For more details, see http://pandas.pydata.org/pandas-docs/stable/indexing.html

The general philosophy for accessing values inside a Pandas datastructure is that, unlike a numpy array that only allows to index using integers a Series allows to index with the values inside the index. That makes the code more readable.

### In a series

By default `[]` on a series accesses values using the index, not the location in the series.

In [None]:
s = pd.Series(range(5), index=list("abcde"))
s

In [None]:
s["d"]

So, what is the sea level rise in 1880?

In [None]:
# This index is non-trivial (will talk more about these datetime 
# objects further down):
full_globe_temp.index.dtype

To easily make a `Timestamp` object from a string, one can use the `pd.to_datetime()` function:

In [None]:
pd.to_datetime('1880')

In [None]:
# By default [] on a series accesses values using the index, 
# not the location in the series
print(full_globe_temp[pd.to_datetime('1880')])
# print(temp1[0])  # This would fail!!

In [None]:
# Another more explicit way to do the same thing is to use loc
print(full_globe_temp.loc[pd.to_datetime('1990')])
print(full_globe_temp.iloc[0], full_globe_temp.iloc[-1])

In [None]:
# Year of the last record?
full_globe_temp.index[-1]

Pandas datastructures are extensible, new records can be added:

In [None]:
full_globe_temp[pd.to_datetime('2011')] = np.nan

### In a dataframe

In 2D, same idea, though in a DF `[]` accesses columns (Series) instead.

In [None]:
giss_temp["Jan"]

To make more complete queries, `.loc` and `.iloc` should be used: they are faster and less ambiguous to access individual values, slices or masked selections:

In [None]:
giss_temp.loc[1979, "Dec"]

In [None]:
# Slicing can be done with .loc and .iloc
print(giss_temp.loc[1979, "Jan":"Jun"])  # Note that the end point is included unlike NumPy!!!
print(giss_temp.loc[1979, ::2])

Masking can also be used in one or more dimensions. For example, another way to grab every other month for the first year:

In [None]:
mask = [True, False] * 6
print(giss_temp.iloc[0, mask])
print(giss_temp.loc[1880, mask])

Just like a series, we could also add a new column like a new entry in a dictionary:

In [None]:
giss_temp["totals"] = giss_temp.sum(axis=1)
giss_temp

Let's remove this new column, we will learn to do this differently

In [None]:
giss_temp = giss_temp.drop("totals", axis=1)
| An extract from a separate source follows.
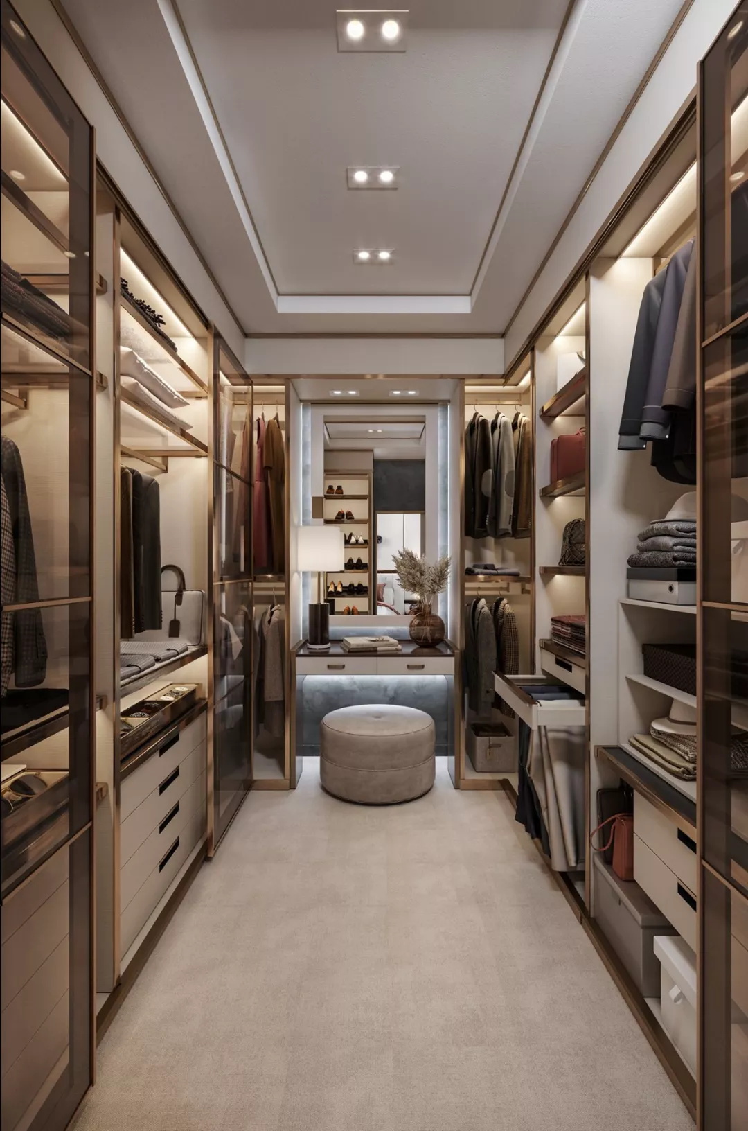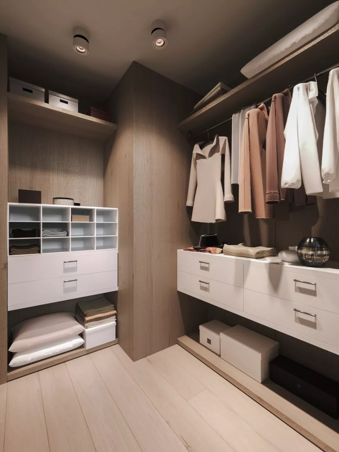 無法設(shè)置獨立的衣帽間,這個時候可以利用轉(zhuǎn)角這個被大家認為空間死角的位置,利用兩處相連的墻面,用衣柜拼接設(shè)計,讓轉(zhuǎn)角區(qū)域成為一個衣帽間,不僅節(jié)省了空間,也很美觀。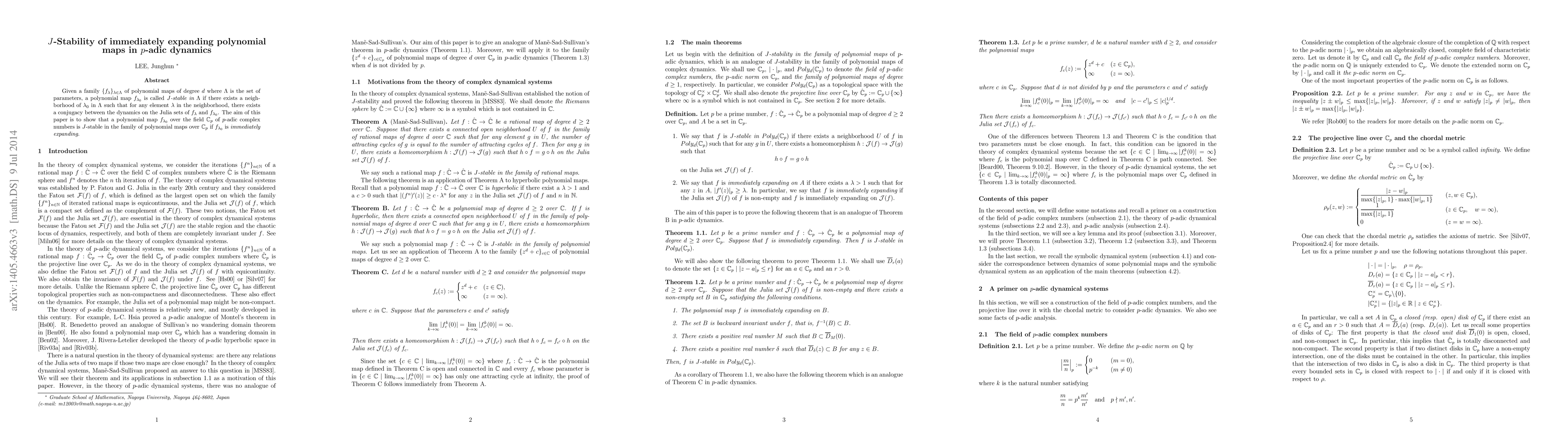 Given a family $\{ f_{\lambda} \}_{\lambda \in \Lambda}$ of polynomial maps of degree $d$ where $\Lambda$ is the set of parameters, a polynomial map $f_{\lambda_0}$ is called {\it $J$-stable in $\Lambda$} if there exists a neighborhood of $\lambda_0$ in $\Lambda$ such that for any element $\lambda$ in the neighborhood, there exists a conjugacy between the dynamics on the Julia sets of $f_\lambda$ and $f_{\lambda_0}$. The aim of this paper is to show that a polynomial map $f_{\lambda_0}$ over the field $\mathbb{C}_p$ of $p$-adic complex numbers is $J$-stable in the family of polynomial maps over $\mathbb{C}_p$ if $f_{\lambda_0}$ is {\it immediately expanding}.

More complex queries rely on the same concepts. For example what are the names, and IDs of the sea level stations in the USA?

In [None]:
local_sea_level_stations.columns

In [None]:
american_stations = local_sea_level_stations["Country"] == "USA"
american_stations

In [None]:
local_sea_level_stations.loc[american_stations, ["ID", "Station Name"]]

In [None]:
local_sea_level_stations

**EXERCISE:** What are the countries of the stations in latitudes above 60 and below -60. Print each country only once.

In [None]:
# Your code here

## 8. Working with dates and times

More details at http://pandas.pydata.org/pandas-docs/stable/timeseries.html

We parsed the dates to build the `full_globe_temp` Series. Let's see what that allows us to do.

In [None]:
# Its dtype is NumPy's new 'datetime64[ns]':
full_globe_temp.index

The advantage of having a real datetime index is that operations can be done efficiently on it. Let's add a flag to signal if the value is before or after the great depression's black Friday:

In [None]:
black_friday = pd.to_datetime('1929-10-29')
full_globe_temp.index > black_friday

### Timestamps or periods?

In [None]:
# Convert its index from timestamp to period: it is more meaningfull 
# since it was measured and averaged over the year...
full_globe_temp.index = full_globe_temp.index.to_period()
full_globe_temp

See also `to_timestamp` to conver back to timestamps and its `how` method to specify when inside the range to set the timestamp.

### Resampling

Another thing that can be done is to resample the series, downsample or upsample. Let's see the series converted to 10 year blocks or upscale to a monthly series:

In [None]:
# Frequencies can be specified as strings: "us", "ms", "S", 
# "T", "H", "D", "B", "W", "M", "A", "3min", "2h20", ...
# More aliases at http://pandas.pydata.org/pandas-docs/stable/timeseries.html#offset-aliases
full_globe_temp.resample("M").mean()

In [None]:
full_globe_temp.resample("10A").mean()

### Generating `DatetimeIndex` objects

The index for `giss_temp` isn't an instance of datetimes so we may want to generate such `DatetimeIndex` objects. This can be done with `date_range` and `period_range`:

In [None]:
# Can specify a start date and a number of values desired. By default 
# it will assume an interval of 1 day:
pd.date_range('1/1/1880', periods=4)

In [None]:
# Can also specify a start and a stop date, as well as a frequency
pd.date_range('1/1/1880', '1/1/2016', freq="A")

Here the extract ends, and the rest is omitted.